* Input data

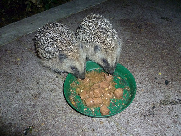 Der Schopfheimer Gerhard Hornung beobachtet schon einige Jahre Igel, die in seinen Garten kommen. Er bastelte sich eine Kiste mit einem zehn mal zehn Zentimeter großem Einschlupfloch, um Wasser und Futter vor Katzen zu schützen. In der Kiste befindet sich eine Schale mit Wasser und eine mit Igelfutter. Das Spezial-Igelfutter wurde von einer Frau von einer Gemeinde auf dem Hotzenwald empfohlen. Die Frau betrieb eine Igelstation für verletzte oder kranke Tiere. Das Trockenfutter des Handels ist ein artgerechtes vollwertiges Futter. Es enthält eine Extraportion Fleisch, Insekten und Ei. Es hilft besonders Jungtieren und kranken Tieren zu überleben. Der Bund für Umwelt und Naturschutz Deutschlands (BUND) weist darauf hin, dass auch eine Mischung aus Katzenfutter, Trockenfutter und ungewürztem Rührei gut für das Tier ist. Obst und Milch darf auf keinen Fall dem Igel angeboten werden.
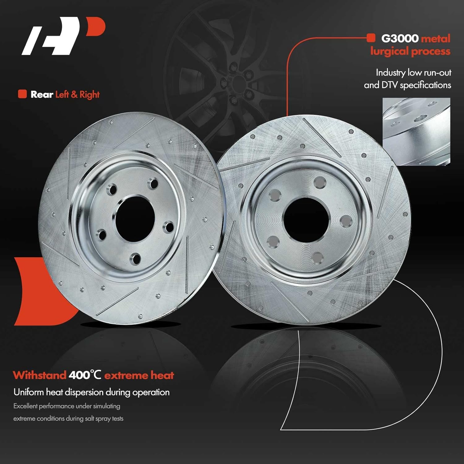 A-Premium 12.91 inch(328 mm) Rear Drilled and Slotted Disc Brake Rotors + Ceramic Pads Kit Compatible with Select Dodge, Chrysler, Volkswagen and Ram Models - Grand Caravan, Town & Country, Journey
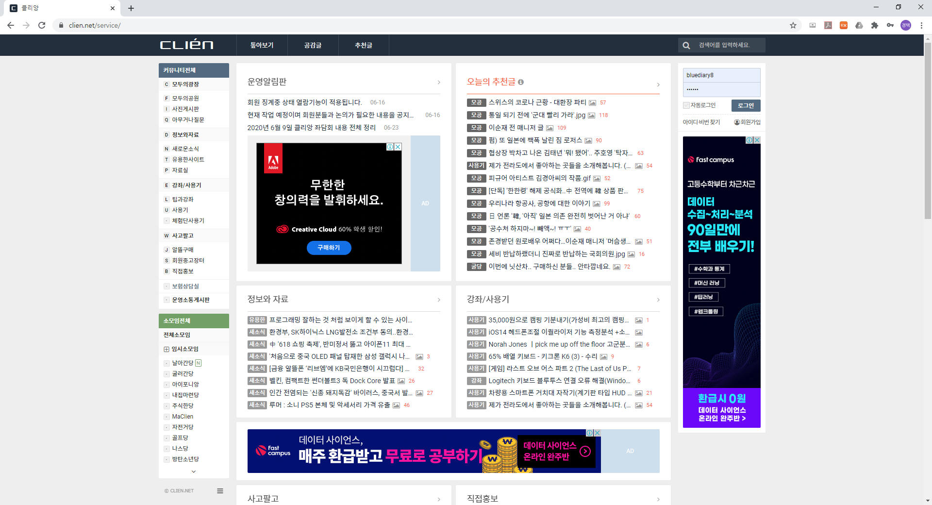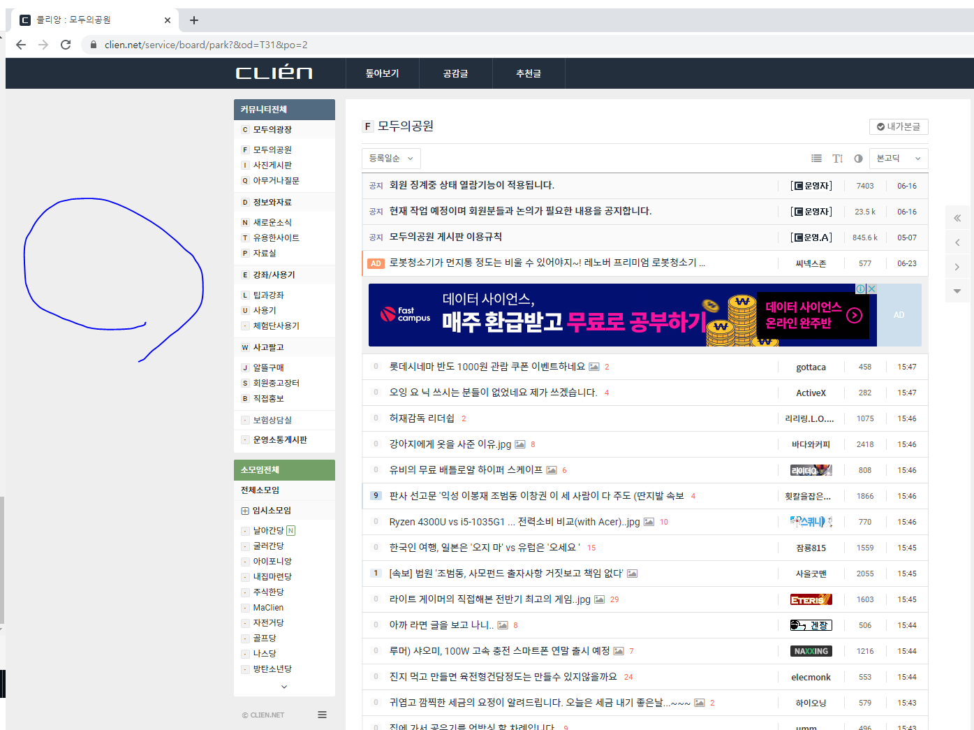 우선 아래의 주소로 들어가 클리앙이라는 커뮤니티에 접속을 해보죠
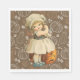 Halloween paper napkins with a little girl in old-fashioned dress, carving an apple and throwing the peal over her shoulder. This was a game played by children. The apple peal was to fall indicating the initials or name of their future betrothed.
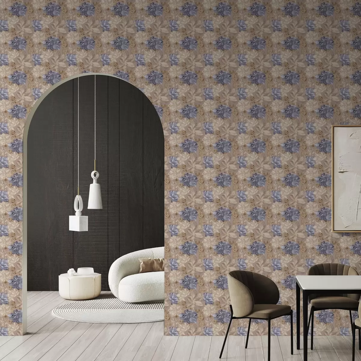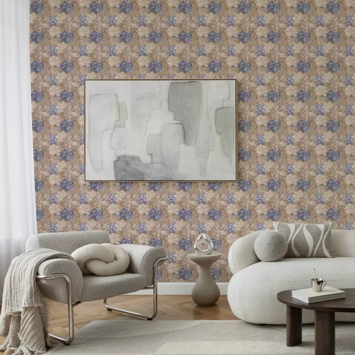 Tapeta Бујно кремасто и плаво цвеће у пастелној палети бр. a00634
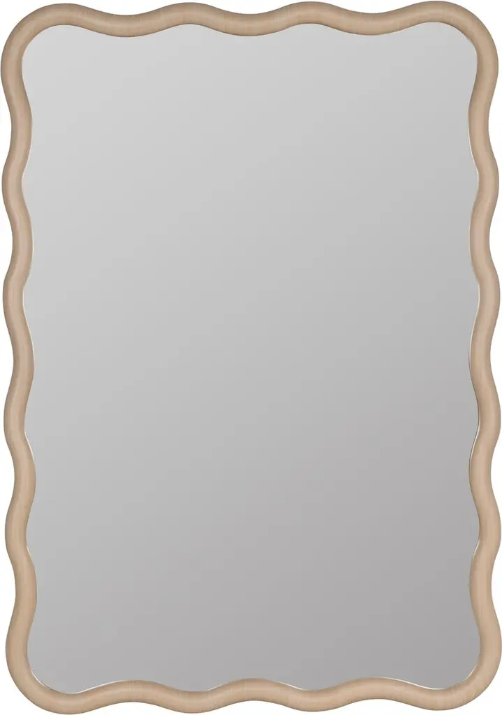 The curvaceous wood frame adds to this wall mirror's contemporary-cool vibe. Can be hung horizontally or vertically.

* About this task
With all pictures omitted, return exactly the lines from the one containing "A-Premium 12.91 inch(328" through the end of the entries above.

* Task output
 A-Premium 12.91 inch(328 mm) Rear Drilled and Slotted Disc Brake Rotors + Ceramic Pads Kit Compatible with Select Dodge, Chrysler, Volkswagen and Ram Models - Grand Caravan, Town & Country, Journey
 우선 아래의 주소로 들어가 클리앙이라는 커뮤니티에 접속을 해보죠
 Halloween paper napkins with a little girl in old-fashioned dress, carving an apple and throwing the peal over her shoulder. This was a game played by children. The apple peal was to fall indicating the initials or name of their future betrothed.
 Tapeta Бујно кремасто и плаво цвеће у пастелној палети бр. a00634
 The curvaceous wood frame adds to this wall mirror's contemporary-cool vibe. Can be hung horizontally or vertically.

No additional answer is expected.